Instructions for the task :: Please, from the entries below, transcribe exactly the lines that begin at the line with "[찰스앤키스] 페이턴트 스퀘어-퀼팅 체인-핸들 백" and end at the line with "ASSORTED PAINTERS ACCESSORIES", without the pictures.

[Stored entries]
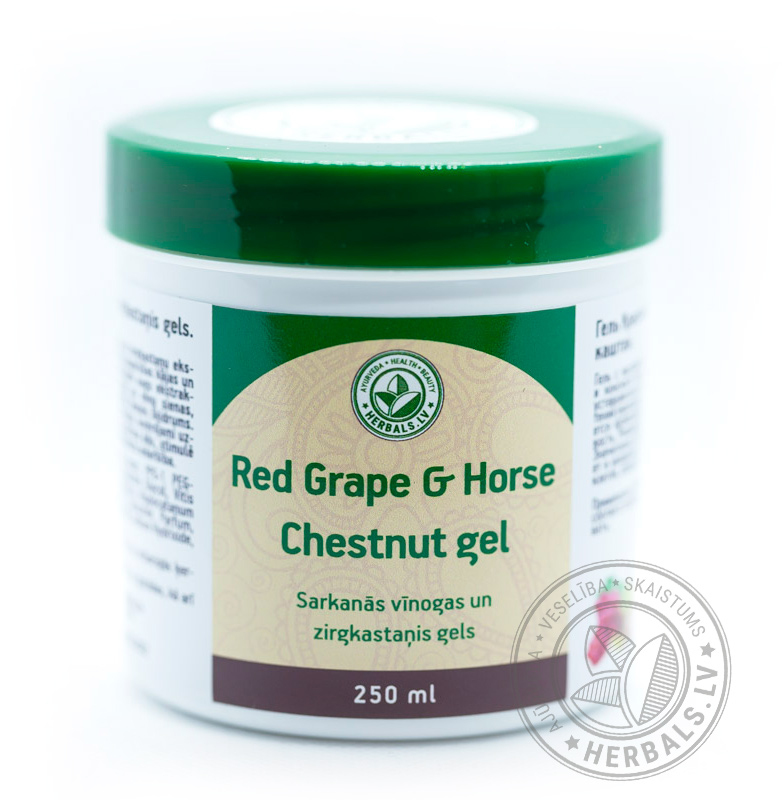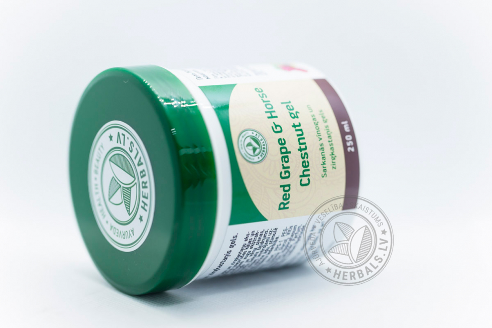 Гель с экстрактом листьев красного винограда и конского каштана. Освежает и расслабляет уставшие ноги и вены. Благодаря экстрактам растений укрепляются стенки сосудов и вен, улучшается кровообращение, выводится лишняя жидкость. Рекомендуется при усталых ногах и венах. Значительно повышает упругость кожи, смягчает и увлажняет кожу, стимулирует регенерацию клеток, обладает антиоксидантным действием.
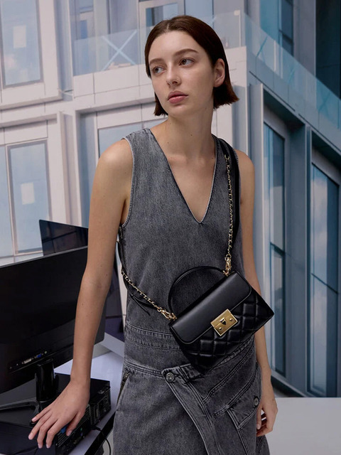 [찰스앤키스] 페이턴트 스퀘어-퀼팅 체인-핸들 백
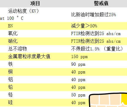 對(duì)于較大的天然氣發(fā)動(dòng)機(jī)組,例如工業(yè)天然氣發(fā)動(dòng)機(jī),或者機(jī)油用量較大的系統(tǒng)、較為關(guān)鍵的發(fā)動(dòng)機(jī),最好通過(guò)油液檢測(cè)來(lái)指導(dǎo)換油。油液檢測(cè)不但能檢測(cè)油質(zhì),還能監(jiān)控機(jī)組的異常,是預(yù)防天然氣發(fā)動(dòng)機(jī)組故障的有效手段。發(fā)動(dòng)機(jī)制造商會(huì)給出機(jī)油的換油指標(biāo),一般來(lái)說(shuō),天然氣發(fā)動(dòng)機(jī)油的換油指標(biāo)如下:
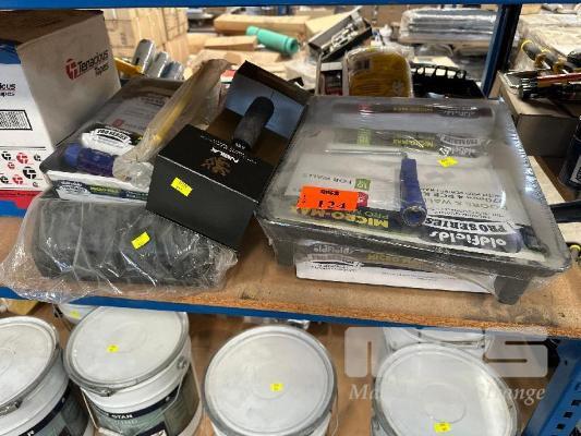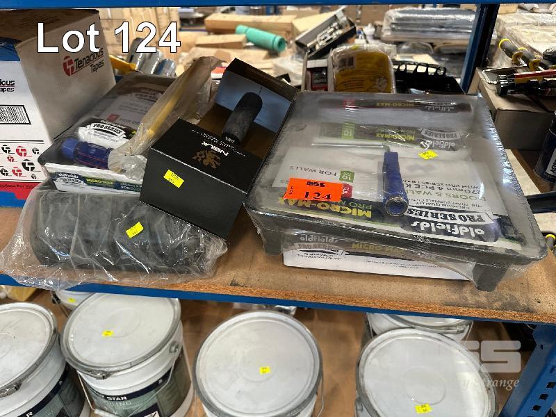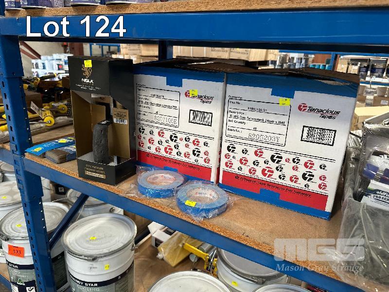 ASSORTED PAINTERS ACCESSORIES INCLUDING, 2 x CARTONS MASKING TAPE, BRUSHES, ROLLERS, ROLLER COVERS, PAINT TRAY KITS & TROWELS
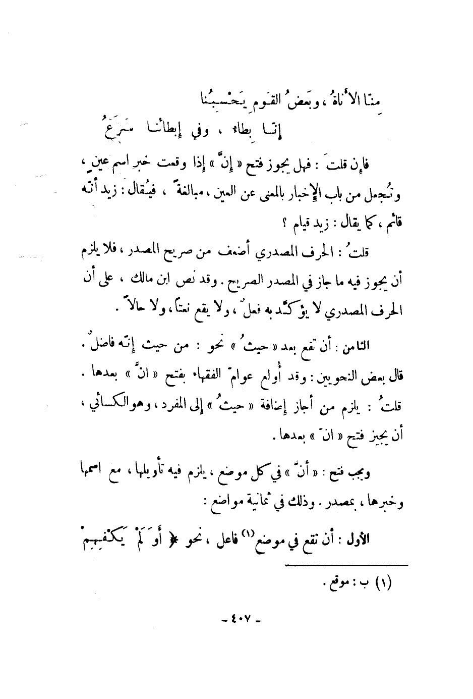 الثامن: أن تقع بعد حيث نحو: من حيث إنه فاضل. قال بعض النحويين: وقد أولع عوام الفقهاء بفتح أن بعدها قلت: يلزم من أجاز إضافة حيث إلى المفرد، وهو الكسائي، أن يجيز فتح أن بعدها.

Worked solution ::
 [찰스앤키스] 페이턴트 스퀘어-퀼팅 체인-핸들 백
 對(duì)于較大的天然氣發(fā)動(dòng)機(jī)組,例如工業(yè)天然氣發(fā)動(dòng)機(jī),或者機(jī)油用量較大的系統(tǒng)、較為關(guān)鍵的發(fā)動(dòng)機(jī),最好通過(guò)油液檢測(cè)來(lái)指導(dǎo)換油。油液檢測(cè)不但能檢測(cè)油質(zhì),還能監(jiān)控機(jī)組的異常,是預(yù)防天然氣發(fā)動(dòng)機(jī)組故障的有效手段。發(fā)動(dòng)機(jī)制造商會(huì)給出機(jī)油的換油指標(biāo),一般來(lái)說(shuō),天然氣發(fā)動(dòng)機(jī)油的換油指標(biāo)如下:
 ASSORTED PAINTERS ACCESSORIES INCLUDING, 2 x CARTONS MASKING TAPE, BRUSHES, ROLLERS, ROLLER COVERS, PAINT TRAY KITS & TROWELS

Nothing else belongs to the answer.